What's needed is a word-for-word retyping of the entries below, pictures omitted.

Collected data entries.
-=-=-=-=-
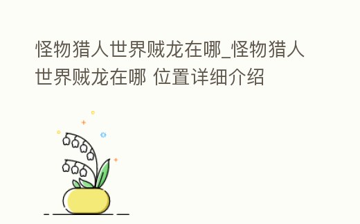 - 怪物獵人世界賊龍?jiān)谀腳怪物獵人世界賊龍?jiān)谀?位置詳細(xì)介紹
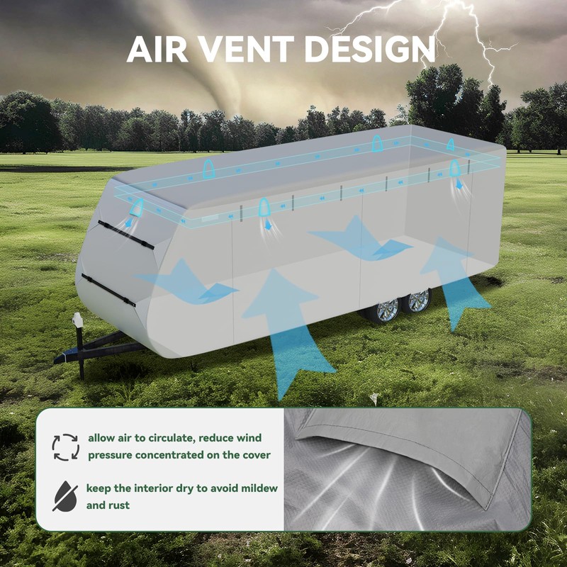 - WIND PROTECTION: Designed with reinforced straps, and high-quality, wind-resistant materials to ensure a secure and tight fit. These features help protect your RV from strong gusts and prevent the cover from lifting or tearing, giving you peace of mind even during stormy conditions.
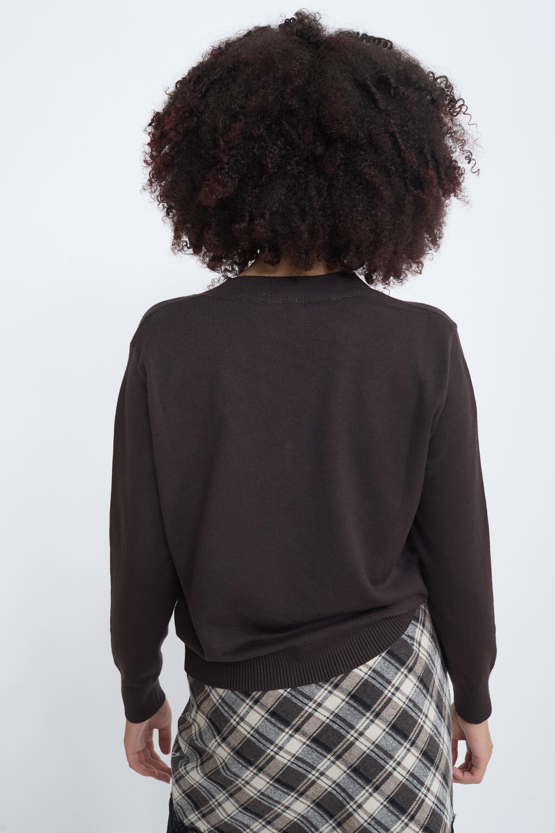 Maglia scollo V in misto viscosa tinta unita. Dettaglio di lavorazione a coste su scollo, polsini e orlo. | ||
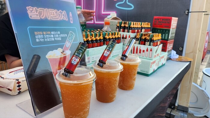 ‘활기펀치’는 정관장 홍삼에 전통 생약재와 비타민을 함유한 ‘활기력’에 상큼한 오렌지를 더한 논알콜 칵테일로, 산뜻한 색감과 새콤달콤한 맛으로 큰 인기를 끌었다.
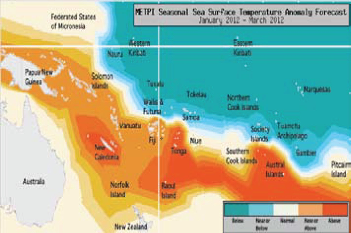 SST anomaly outlook map for January to March 2012
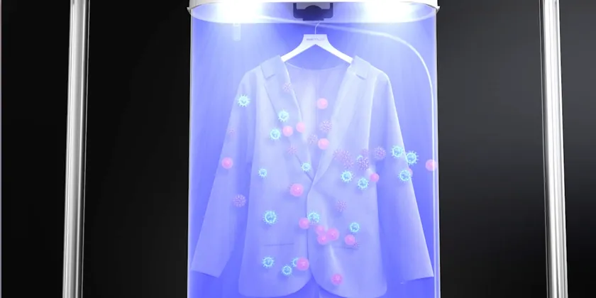 本体に搭載されているUVライトで洋服を照らすことで肺炎球菌・緑膿菌・黄色ブドウ球菌を99.9%消去(※自社調べ)し、しっかり除菌できます。ヒーターの温風機能付きなので、まるでふわふわした新しい服のように蘇ります。
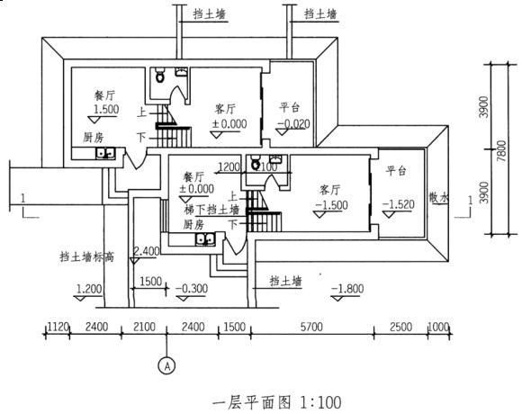 结构类型:砖墙体承重,现浇钢筋混凝土楼板。室内外高差:详见图示。
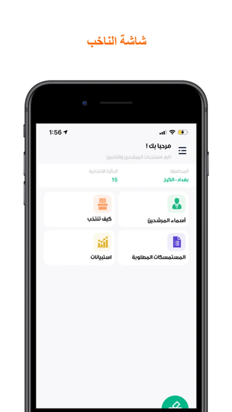 * توفير خدمة التصويت التجريبي حيث يتم إشعارالمستخدم بوجود تصويت تجريبي يستطيع المستخدم من خلاله ان يصوت لمرشحه المفضل ضمن محافظته ودائرته الانتخابية وارسال صوته الى فريق أدارة التطبيق.
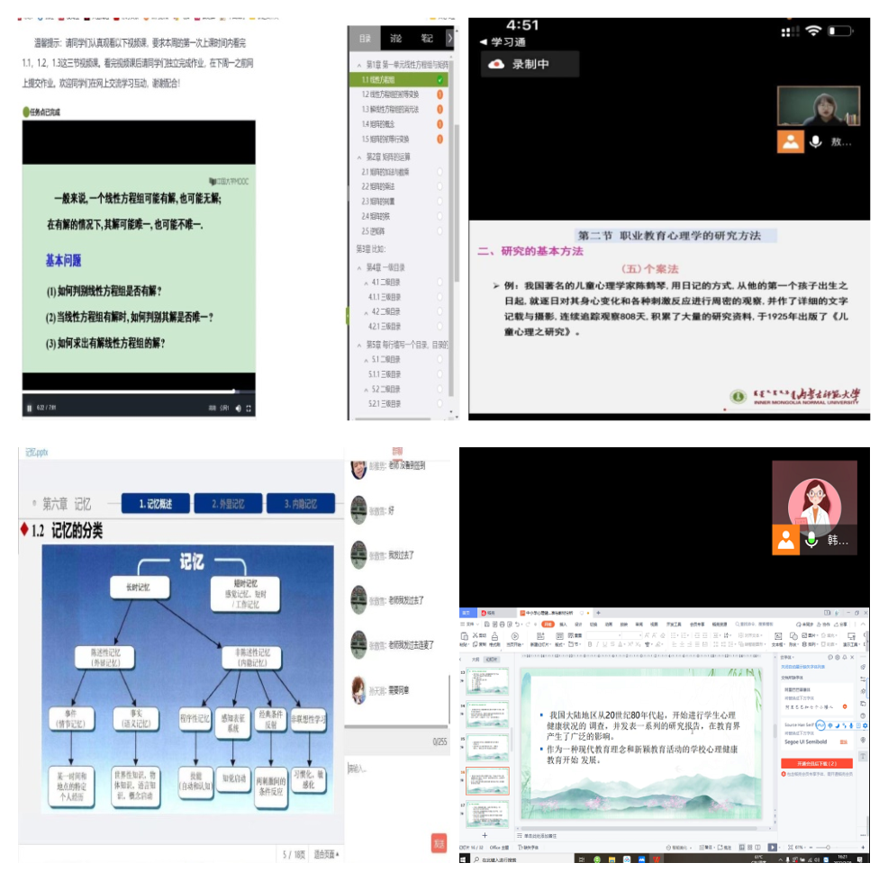 开学第一天,公司共有11门本科课程,3门研究生课程顺利开课,教师们充分利用“内师在线”教学平台,选取优质教学资源,采用视频直播等方式,辅助微信、腾讯会议、QQ群等进行课堂教学、辅导和在线答疑;员工们积极参与线上学习和讨论;公司领导和教学督导深入到每门课堂进行听课指导,保障教学质量;以良好的精神面貌给新学期开了个好头。
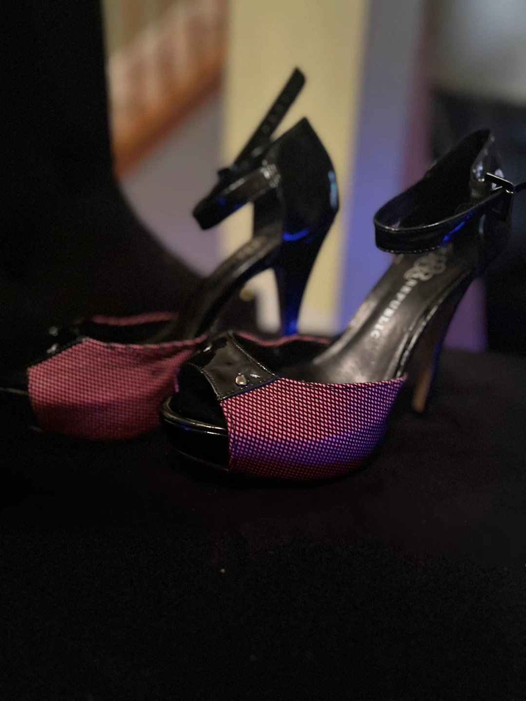 10Rock & Republic heels in black and pink. They have a peep toe and ankle strap. Great for a night out
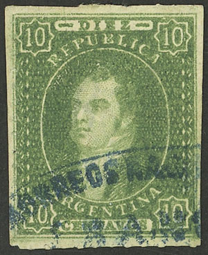 10c. semi-worn impression, TRIPLE cancellation (2 dotted + datestamp of Buenos Aires "S") (Image)
-=-=-=-=-
REPLY TO THE TASK.
 - 怪物獵人世界賊龍?jiān)谀腳怪物獵人世界賊龍?jiān)谀?位置詳細(xì)介紹
 - WIND PROTECTION: Designed with reinforced straps, and high-quality, wind-resistant materials to ensure a secure and tight fit. These features help protect your RV from strong gusts and prevent the cover from lifting or tearing, giving you peace of mind even during stormy conditions.
 Maglia scollo V in misto viscosa tinta unita. Dettaglio di lavorazione a coste su scollo, polsini e orlo. | ||
 ‘활기펀치’는 정관장 홍삼에 전통 생약재와 비타민을 함유한 ‘활기력’에 상큼한 오렌지를 더한 논알콜 칵테일로, 산뜻한 색감과 새콤달콤한 맛으로 큰 인기를 끌었다.
 SST anomaly outlook map for January to March 2012
 本体に搭載されているUVライトで洋服を照らすことで肺炎球菌・緑膿菌・黄色ブドウ球菌を99.9%消去(※自社調べ)し、しっかり除菌できます。ヒーターの温風機能付きなので、まるでふわふわした新しい服のように蘇ります。
 结构类型:砖墙体承重,现浇钢筋混凝土楼板。室内外高差:详见图示。
 * توفير خدمة التصويت التجريبي حيث يتم إشعارالمستخدم بوجود تصويت تجريبي يستطيع المستخدم من خلاله ان يصوت لمرشحه المفضل ضمن محافظته ودائرته الانتخابية وارسال صوته الى فريق أدارة التطبيق.
 开学第一天,公司共有11门本科课程,3门研究生课程顺利开课,教师们充分利用“内师在线”教学平台,选取优质教学资源,采用视频直播等方式,辅助微信、腾讯会议、QQ群等进行课堂教学、辅导和在线答疑;员工们积极参与线上学习和讨论;公司领导和教学督导深入到每门课堂进行听课指导,保障教学质量;以良好的精神面貌给新学期开了个好头。
 10Rock & Republic heels in black and pink. They have a peep toe and ankle strap. Great for a night out
 10c. semi-worn impression, TRIPLE cancellation (2 dotted + datestamp of Buenos Aires "S") (Image)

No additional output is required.